As I mentioned in my New TV Show Squee post back in January, I’ve been enjoying episodes of the (new to me) show The Good Place when I have a little downtime. In the episode I watched yesterday the head demon Michael (the Good Place architect) was complaining about humans and their fragile little bodies and ridiculous number of emotions. “You only need two,” he insisted. “Anger and confusion.”
While that can’t be right, I can’t help admitting that those two have topped the list for me more often than not for quite some time.
Possibly the last 404 days or so.
The news broadcast I generally watch when I get home from work begins each night with “it’s day xxx of the current administration,” oddly similar to the way broadcasts during the 444 days of the Iran Hostage Crisis of 1979-81 began years ago. It’s hardly something to engender happy, positive thoughts, not that the news makes any attempt to do so. Consistently seeing people doing (and generally getting away with) bad things definitely leads to confusion and anger, making it a real challenge to maintain a level of positivity.
While folks at work have commented more than once about how I’m always so calm and never seem get angry, Edvard Munch’s ‘The Scream’ is a much better representation of what’s going on inside my head more often than not than Monet’s ‘Water Lilies’, especially if I’ve been out among . . . ugh . . . actual people.
Case in point: After running errands this weekend wherein the local coffee shop refused to honor a special that they had posted on the wall right by the register, the cashier at the store insisted that thread did not count as a “sewing notion” (the coupon in my hand clearly said that it did), and the driver of the car behind me in the parking lot blared his horn at me two different times apparently for not driving over the pedestrians who were crossing in front of me (one of which was blind for heaven’s sake), anger was definitely high on my list. It didn’t get any better during the 6 mile drive back home down a freeway that seemed awash in a bumper crop of litter and graffiti (two things I really dislike).
In an attempt to get back to my calm, happy place, I did what I’ve been doing since the beginning of the year – I finished a quilt I’d been working on, as well as a blanket I’d started the week before. As I added the latest completed items to the pile of finished projects (see the 6 blankets and 3 quilts in the chair photo above), I realized that unless my plan to achieve happiness included building an awesome blanket fort (not such a bad idea), it was probably time to channel my energies some other way like maybe . . . writing?
I haven’t been very successful getting words on the page in recent weeks because, for me at least, anger and creativity don’t work particularly well together. Writing light-hearted banter or a cute-meet is a real challenge when my mood is anything but light-hearted.
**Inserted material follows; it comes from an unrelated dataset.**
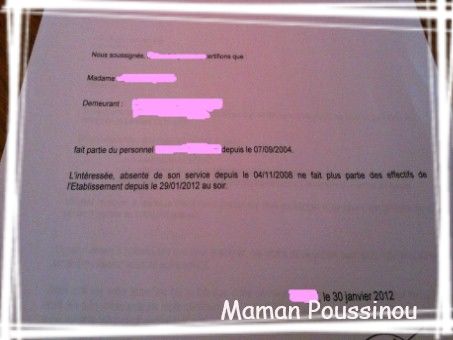 Puis, quand le courrier de confirmation de rupture de contrat est arrivé vendredi, j’avoue que j’ai lu cette phrase avec un petit pincement au coeur, même si c’était mon souhait : » L’intéressée, absente de son service depuis le 04/11/2008 ne fait plus partie des effectifs de l’Etablissement depuis le 29/01/2012 au soir. »

The obvious answer for me was to work on a different story.
Cue I Thought So, a short story I started working on a year or so ago when I was driving home from work, annoyed by a new batch of graffiti on the freeway sound walls. The story is not a romance by any stretch; more of a weird fantasy, dystopian, something-or-other. It’s got a society gone wrong, mind control, and the effects of a collective consciousness. The story stalled when I was first working on it because I couldn’t figure out how to resolve the conflict I had created or who the protagonist(s) should be. Fortunately, thanks to hearing Whitney Houston singing “children are our future” on the radio, coupled with the amazing efforts of the students currently fighting to change gun legislation, I think I have a solution. Tomorrow after work I’ll be curling up in a comfy blanket (I have many to choose from) and getting some words on the page, while the solution is still fresh in my mind.
Thinking about anger and confusion also got me to thinking about the hero in the last NaNo story I wrote. I wasn’t really happy with how he turned out, in part because I was not particularly clear about why he was the way he was. Thinking about it now it’s obvious. He was definitely angry. His dad died and he had to put aside his own dreams and plans to take care of the family business and help his mom and younger brother. Judging from the snippet below I subconsciously knew he was angry, I just hadn’t fully realized how that colored all he said /did throughout the story.
Instead of designing buildings to populate the cities of the future, Sam spent his days building cookie-cutter starter homes and bringing 1970s ranch houses into the 21st century; dealing with suppliers, permit offices, and clients who couldn’t make up their minds about paint colors or fixture finishes.
He hated it and resented his father for dying then hated himself for the thought.
Lesson learned there so, once I finish working on my short story I’ll be channeling my anger and confusion into the re-write of my NaNo story.
If that doesn’t work out, I think the local craft store has yarn on sale this week.
So how is everything with you? Have you found ways to channel real life into your writing recently?